In this episode of Behind the Stack, we explore what speculative decoding is, how it accelerates model inference, and what’s still holding it back.

What is Speculative Decoding?

To understand speculative decoding, we first need to understand how language model inference actually works.

Inference can be divided into two phases:

  1. Prefill (or encoding) - when the model processes your entire prompt.
  2. Decoding - when the model starts generating output tokens one by one.

During prefill, everything happens in parallel. You can feed thousands of words into the model at once, and it efficiently processes them to produce the first token.

But once decoding begins, things slow down dramatically. That’s because large language models are auto-regressive - they take each output token, feed it back in as input, and then generate the next one. This happens sequentially, meaning each new token requires another full model pass.

So while prefill benefits from GPU parallelism and amortized compute costs, decoding is bottlenecked by memory bandwidth - every single step requires the model weights to be reloaded into GPU compute units. That’s why output tokens are often far more expensive (and slower) than input tokens in API pricing.

Speculative decoding aims to fix that.

Adding Parallelism Back Into Decoding

Speculative decoding introduces a form of parallelism back into the decoding process.

The idea comes from speculative execution in CPUs - where processors “guess” future operations to save time, only discarding results if the guess was wrong.

Similarly, speculative decoding makes guesses about what the model will generate next. Rather than waiting for each token one by one, we feed in several draft tokens - potential next words - and ask the model to verify them in a single pass.

If the model agrees with those guesses, we can skip multiple decoding steps at once.

In theory, this can make inference up to many times faster, since we’re effectively generating multiple tokens per forward pass.

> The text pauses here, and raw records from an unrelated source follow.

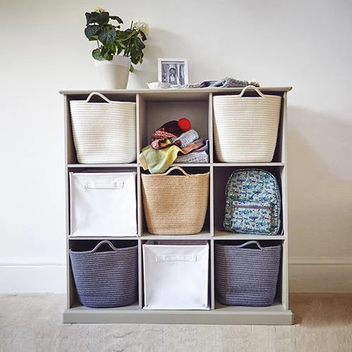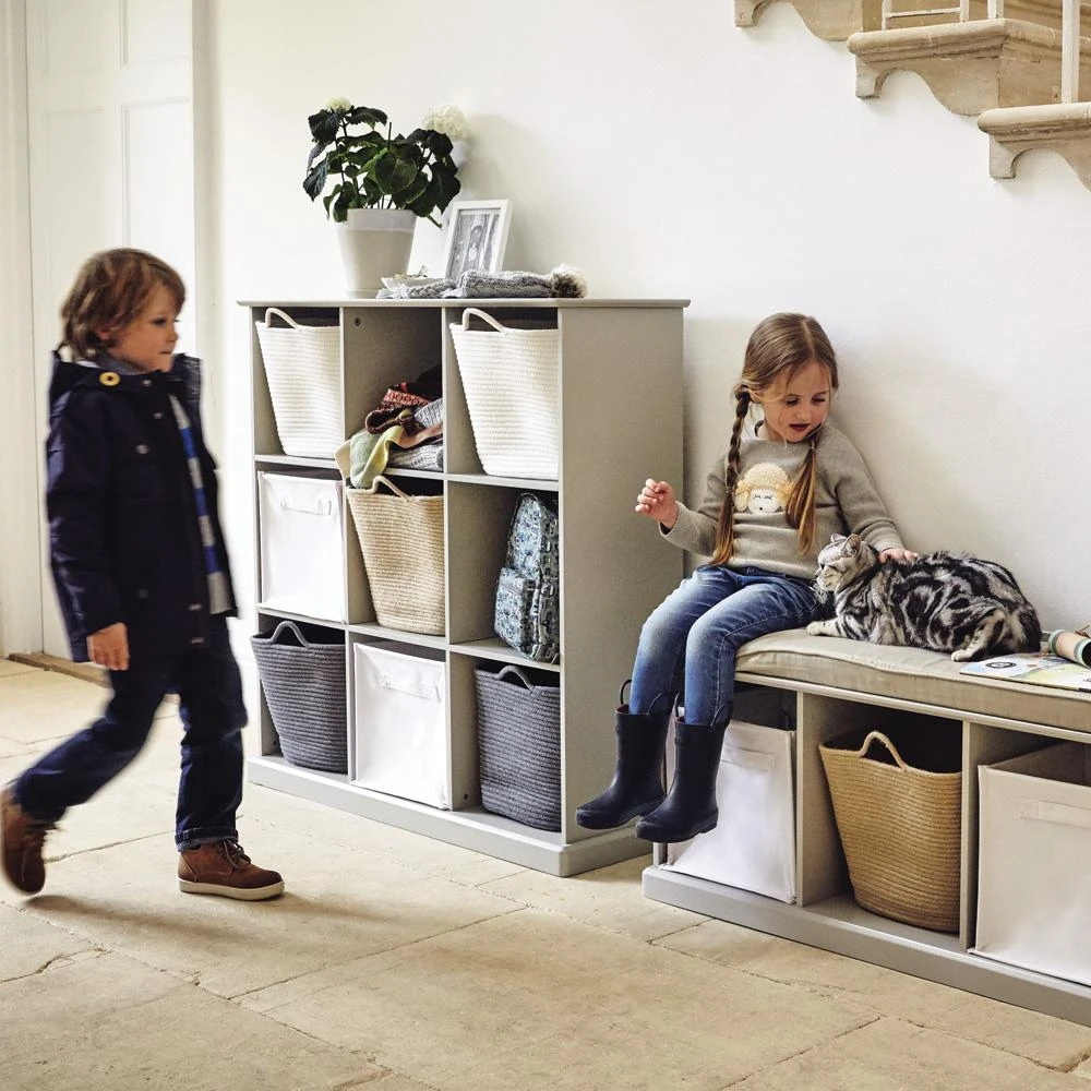 This is super versatile storage, especially in this elegant Stone colour; it’s designed to suit family spaces and hallways. There are nine open compartments to use as display shelves or bookshelves, alternatively you can add some of our gorgeous Rope Storage Baskets or Canvas Storage Cubes for extra neatness.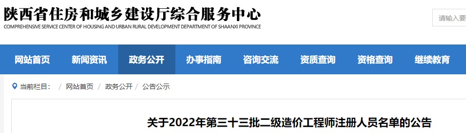 陜西?關(guān)于2022年第三十三批二級造價(jià)工程師注冊人員名單的公告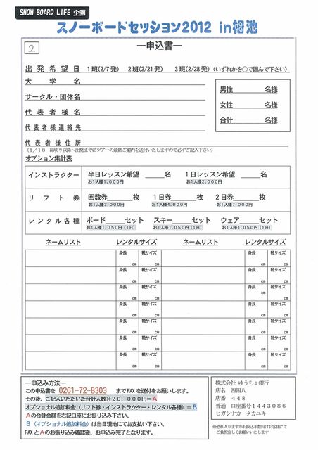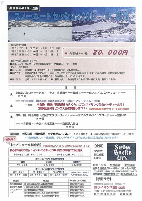 料金は基本料金が2万円、リフト券は別ですが、 割引価格で購入して頂けます 。 ビンゴ大会は無料で1ドリンクサービスです♪。 バスは京都駅から火曜の夜に出発し、朝7時に栂池高原に到着、帰りは木曜の夕方に栂池高原を出発、夜11時頃京都駅到着予定です(^-^) ツアーは三回行いますので、都合の良い日をお選びいただき、添付のチラシを印刷後、必要事項を明記の上、ファックスお願いします♪ その他質問ございましたら、気軽にお尋ねくだ さい。 拡大したチラシはアルバムにもありますのでご覧ください♪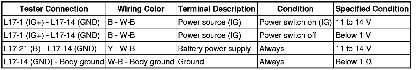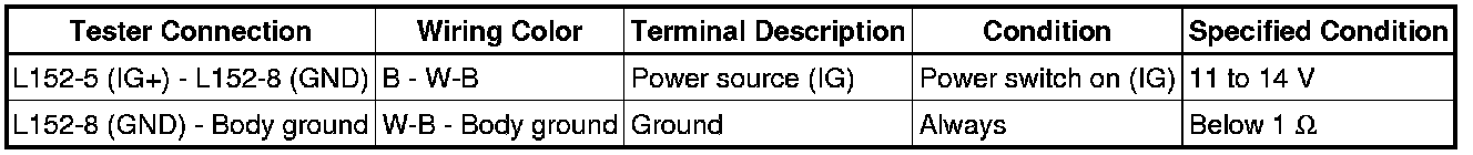 If the result is not as specified, there may be a malfunction in the wire harness.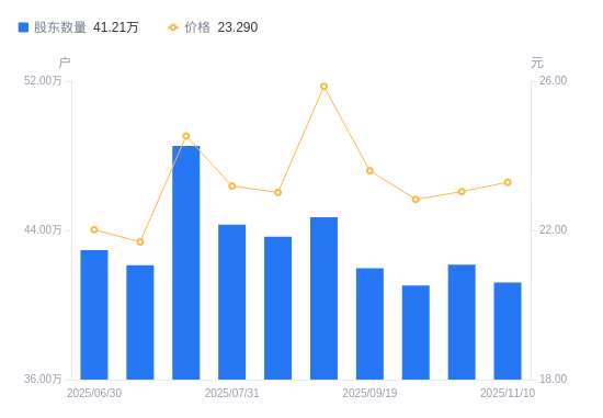 日期A股户数(户)流通A股户均持股数(股)户均持股市值(万元)2025-11-104121303852.998.972025-10-314216543765.968.682025-09-304104863868.428.832025-09-194197283783.248.932025-08-294471233551.449.182025-08-084366753636.428.372025-07-314430583584.038.312025-07-204852673272.298.032025-07-104212533769.558.182025-06-304294273697.798.14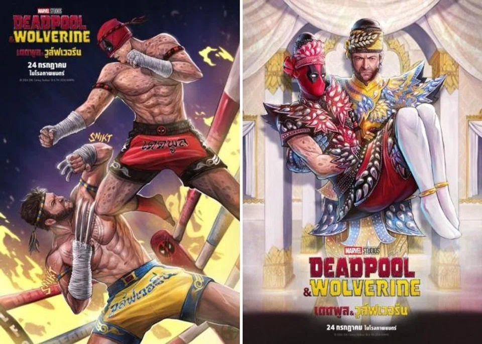 In the durian poster, Wolverine is rowing a boat filled with fruit in a floating market as Deadpool stood behind him wearing a traditional Thai ngob hat and holding up a durian in each gloved hand.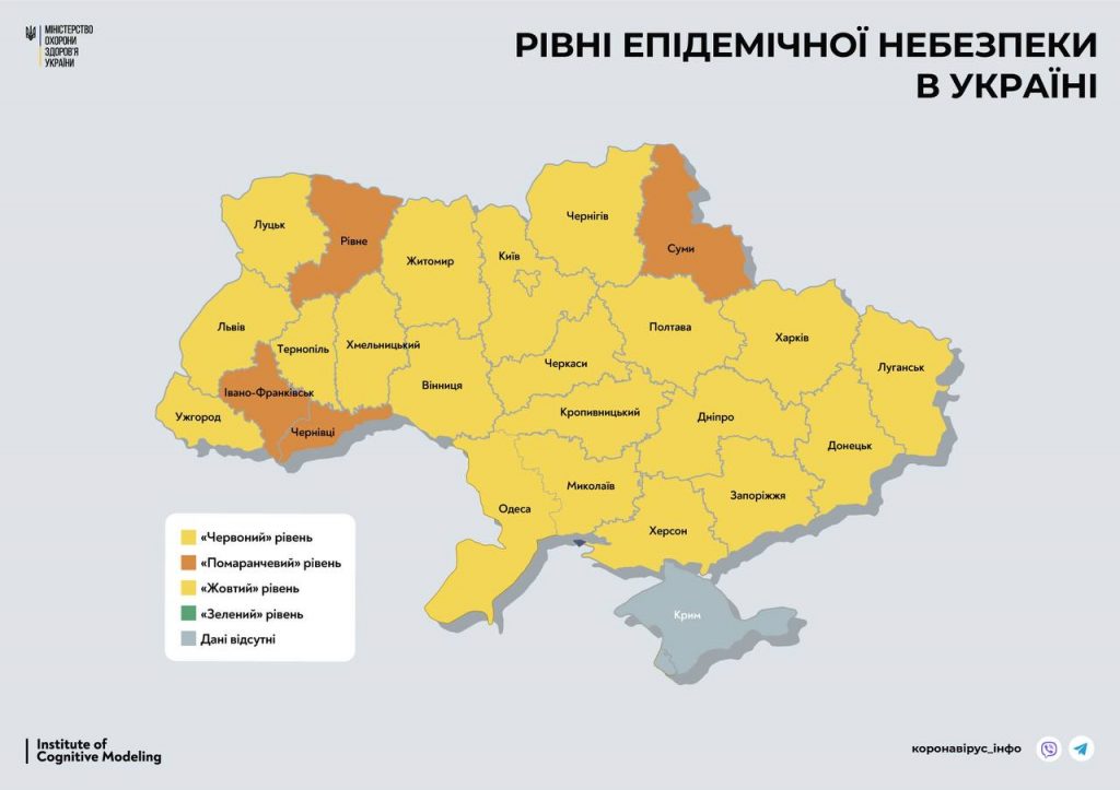 В Україні чотири області перебувають у «помаранчевій» зоні епідемічної небезпеки поширення CоVID-19.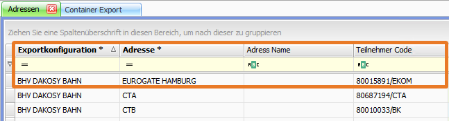 Der Inhalt aus dem Feld Adress Name wird in der Container Export Liste im Reiter Wegpunkte unter Matchcode übernommen. Wenn in den Vorgaben das Feld Teilnehmer Code gefüllt ist, wird der Inhalt in das Feld Teilnehmercode Adresse geschrieben.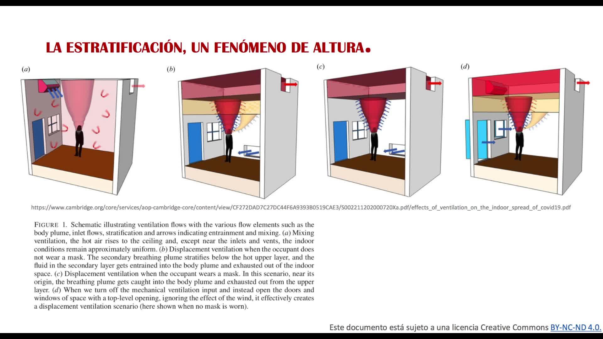 Es un modelo y por eso está simplificado. Y entonces todas esas emanaciones, digamos, de calor hacen que ese aire suba y se acumule arriba. Con lo cual, aquí lo que están es sugiriendo la forma de ventilar ayudado de diversas estrategias de aire, ya sean mecánicas, como veis en el A, y de abertura natural, como veis en el D, y cuáles son los efectos.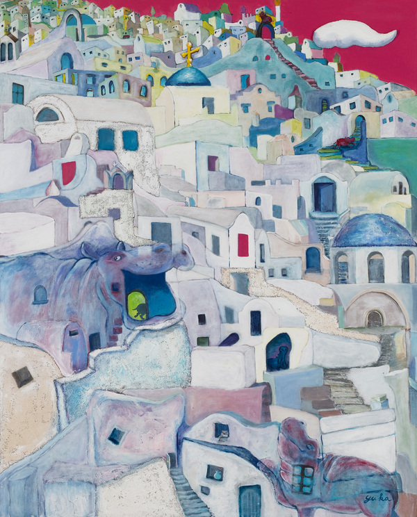 好きな色はいろいろあるが特に赤が好きである。植物園で見た赤いカンナに感動し、卒業制作にこのカンナの花を描いてみた。赤いカンナの花は見る人を圧倒し美しい。赤色にも多種多様な種類があるので、今後一層赤色の持つ魅力を、絵を描くことによって探究していきたく思っている。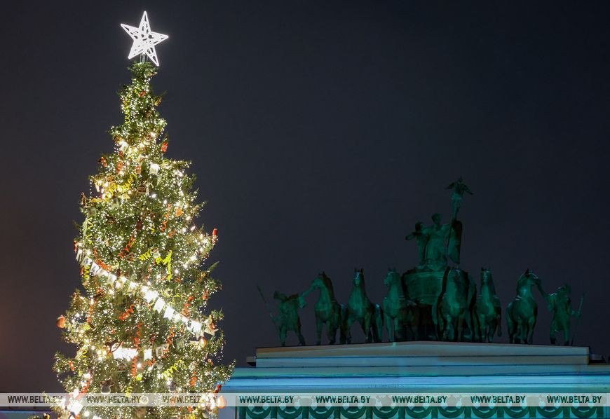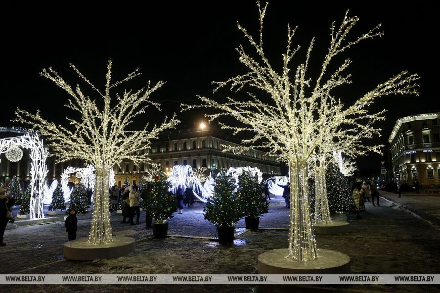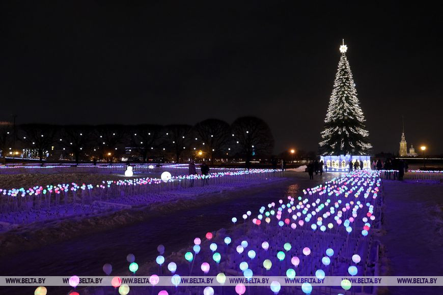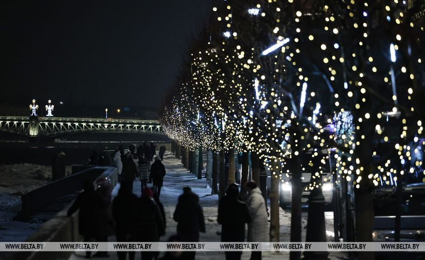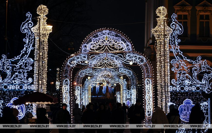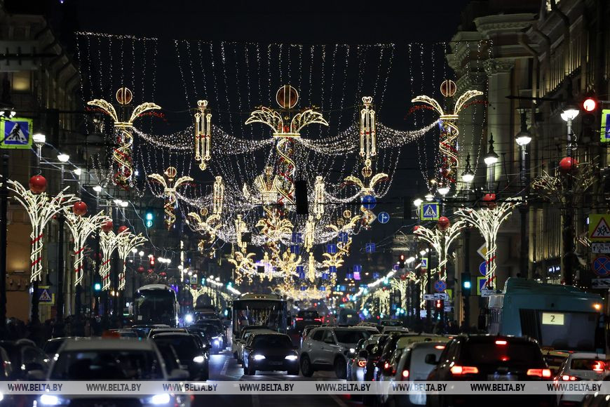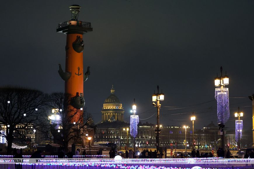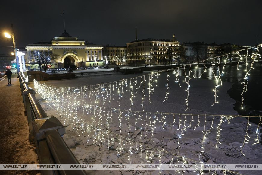 25 декабря, Минск /Корр. БЕЛТА/. Вечерний праздничный Санкт-Петербург сверкает новогодними огнями и манит на прогулку горожан и приезжих.-0-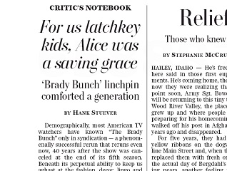 The Washington Post’s Hank Stuever uses the occasion of Ann B. Davis’ death to brilliantly make a case that the Brady Bunch was a connector of a generation. He says the show, and in particular Alice the housekeeper, was a blessing for latchkey kids like him. Alice was always there to fill the needs that Florence Henderson, and maybe even our own mothers at times, could not.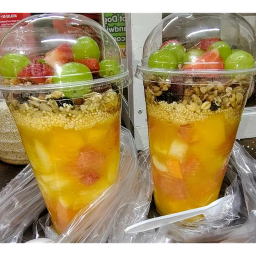 9 Frutas (manzana, sandía, fresa, melón, papaya, uva, piña y plátano), 11 cereales (granola, pasas, cacahuate, amaranto, avena, linaza, chía, arándano, nuez, almendra, semilla de girasol), miel y jugo de naranja 500 ml.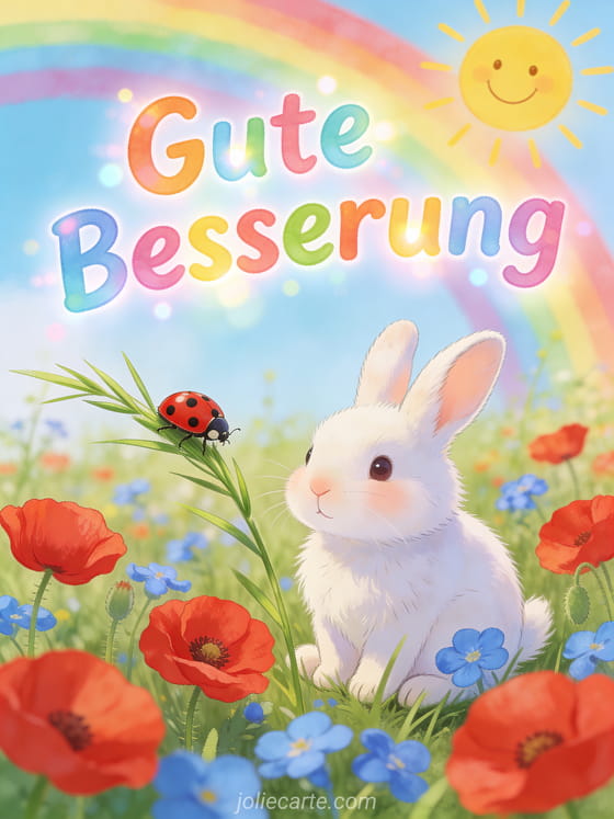 Senden Sie eine fröhliche Genesungskarte mit dem Text Gute Besserung an einen lieben Menschen. Entdecken Sie auch eine Karte Mut und gute Besserung, eine Karte gute Besserung und Kraft oder eine Gute Besserung ecard.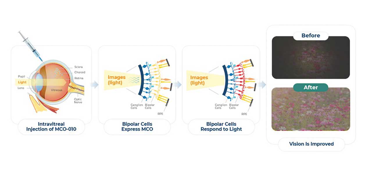 Figure 3. MCO-010 is intravitreally delivered via AAV2 as a multicharacteristic opsin (MCO) transgene to transduce bipolar cells to express a photosensitive opsin protein.

Even though this adds more compute work, most of the time models are bandwidth-bound - so doing more work per pass often costs little extra, while saving significant time overall.

The Catch: Where Do Draft Tokens Come From?

Here’s the tricky part: to speculate correctly, we need to guess what the model will say next - before it actually says it.

The tokens we guess are called draft tokens, and finding good ones is the core challenge of speculative decoding.

The original speculative decoding paper solved this by using a smaller model to generate draft tokens. The small model runs faster and produces multiple guesses at once. The large model then checks those guesses, accepts the ones it agrees with, and discards the rest.

This can dramatically speed up inference - if the small model is good enough to make accurate guesses.

However, this approach comes with trade-offs:

  • Smaller models are less capable. They often produce incorrect tokens, meaning the larger model rejects many of them.
  • It adds overhead. The small model must still run before the large one, introducing latency.
  • It consumes GPU memory. The small model has its own weights and KV cache, potentially eating into resources that could have been used for the main model.
  • Tokenizer mismatch. Speculative decoding only works if both models use the exact same tokenizer - which isn’t always the case.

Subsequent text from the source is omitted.